Теорией перенормировок Померанчук начал заниматься в 1951 году, и стал делать это с присущей ему страстью. Однажды утром Чук ворвался в нашу с Рудиком комнату в страшном гневе. В таком гневе я не видал его никогда — ни до, ни после. Он кричал: «Фейнмана читали, Дайсона читали — ничего не поняли!» Не сразу удалось выяснить, в чём дело. Оказалось, И. Я. понял, что при вычислении фейнмановских интегралов нужно брать вычеты в полюсах пропагаторов так, что некоторые из р2 равны m2. Отсюда он пришёл к выводу, что метод Дайсона вычисления степени расходимости диаграмм путём счёта степеней импульсов неправилен, а мы этого не заметили. Лишь к вечеру, после того, как И. Я. несколько остыл, его удалось убедить, что Дайсон всё-таки прав. С тех пор больше таких вспышек по отношению к нам И. Я. себе не позволял.
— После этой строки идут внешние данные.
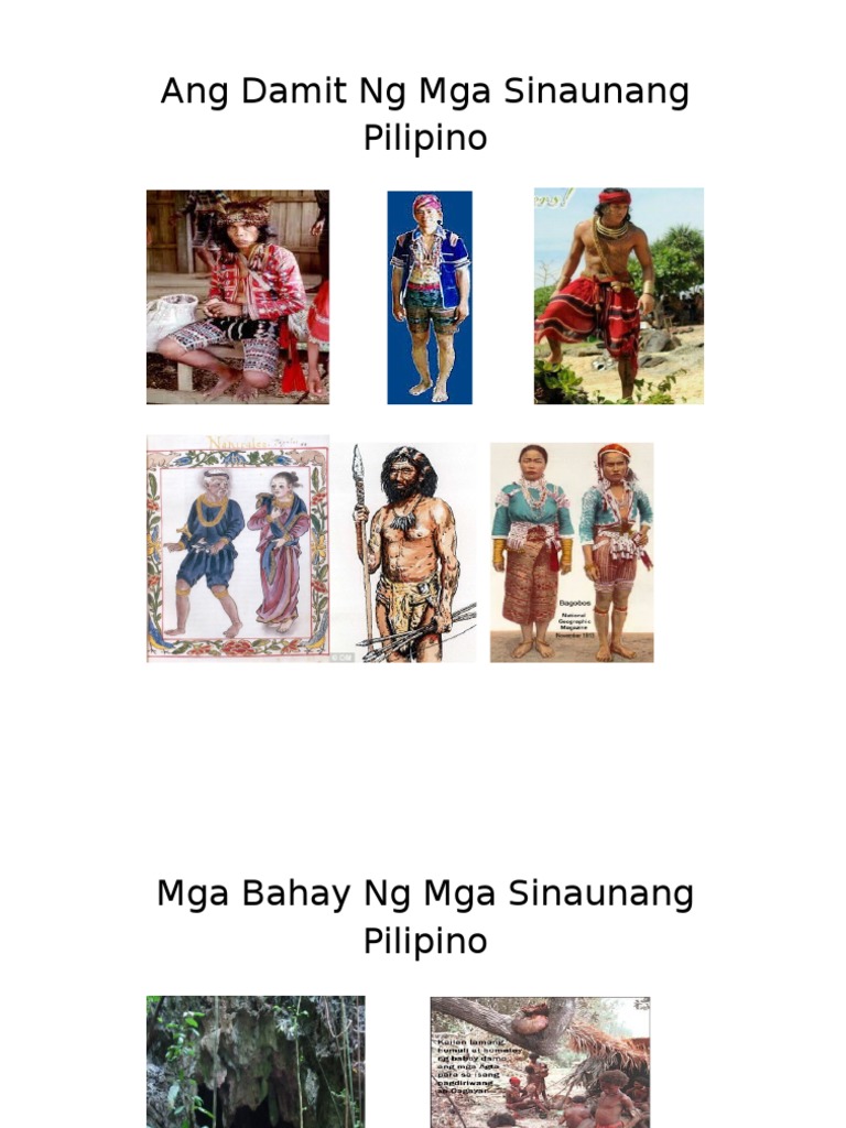 Mga halimbawa ng pananamit ng mga Pilipino noong panahon ng kolonisasyon. Ang mga Negrito ang bumubuo sa mga pinakamatanda o sinaunang mga nabubuhay pang grupo sa Pilipinas. Ang paninimula nang buhay ng sinaunang tao ay masasabi nating.

Много раз Померанчук пытался убедить Ландау сдвинуть круг своих интересов в сторону квантовой электродинамики и мезонных теорий. Снова и снова он повторял: «Дау, здесь масса проблем. Они трудные, как раз для человека твоего класса». Но Ландау каждый раз возражал: «Я знаю свои возможности, решить проблемы бесконечностей — это не для меня».
Осенью 1951 года Померанчук организовал семинар по квантовой теории поля и физике элементарных частиц. Семинар нельзя было проводить в ИТЭФ, т. к. не все участники имели право прохода на территорию ИТЭФ. Поэтому Померанчук договорился с Ландау, что семинар будет проходить в конференц-зале Института Физических Проблем в тот же день — четверг — что и семинар Ландау, но на два часа раньше. Померанчук назначил меня секретарем семинара, и первое заседание состоялось 1 октября 1951 года. Я докладывал на этом заседании работу Дайсона. Алиханов, как директор ИТЭФ, попросил меня представить ему докладную записку об организации семинара, что я и сделал. Этот документ сохранился. В работе семинара принимали участие практически все известные теоретики и очень много молодёжи.
От докладчика на семинаре Померанчук прежде всего требовал чёткого физического изложения: нужно было ясно понимать физический смысл решаемой задачи и полученных результатов, обязательно рассмотреть предельные случаи и сравнить их с полученными другими методами (если такие существовали). Однажды на семинаре Померанчука А. М. Балдин рассказывал о своих расчётах сечений фоторождения π-мезонов на нуклонах по теории возмущений. Он писал на доске длинные формулы и показывал много графиков. Померанчук задал вопрос: «Каково поведение сечения вблизи порога?» Балдин показал один из графиков. — «А какова асимптотика при больших энергиях?» Балдин показал другой график. «Графики — это не метод дискуссии в теоретической физике», — закричал Померанчук, — Ваш доклад закончен!»
В 1953 году, когда ограничения на вход в ИТЭФ стали менее жёсткими, семинар был перенесён в ИТЭФ. Он существует до сих пор. Каждый понедельник (кроме праздничных дней) в 15.30 в конференц-зале ИТЭФ начинается заседание теоретического семинара.
Вне науки Чука было мало, но нельзя сказать, что не было совсем. Он сам говорил о себе (см. «Воспоминания» А. Д. Сахарова [2]): «Я человек старомодный, и для меня всё ещё самыми важными являются такие странные вещи как любовь». И — я добавлю — дружба. Было несколько человек, при упоминании которых всегда теплел голос Чука — Шмушкевич, Ахиезер, Мигдал. Чук восклицал: «Илья Миронович!» (Шмушкевич), указательный палец шёл вверх, и интонация была такова, что Илья Миронович способен на такие поступки (по-видимому, разгульные), на которые не способен никто другой. Если Илья Миронович (крупный, представительный мужчина) присутствовал при таких разговорах, он тут же ужасно краснел. (На самом деле, Илья Миронович был высоконравственным человеком, ни к какому разгулу не способным.) К Ландау отношение было иным: нельзя ведь с теплотой говорить о Боге, а для Чука Ландау был Богом.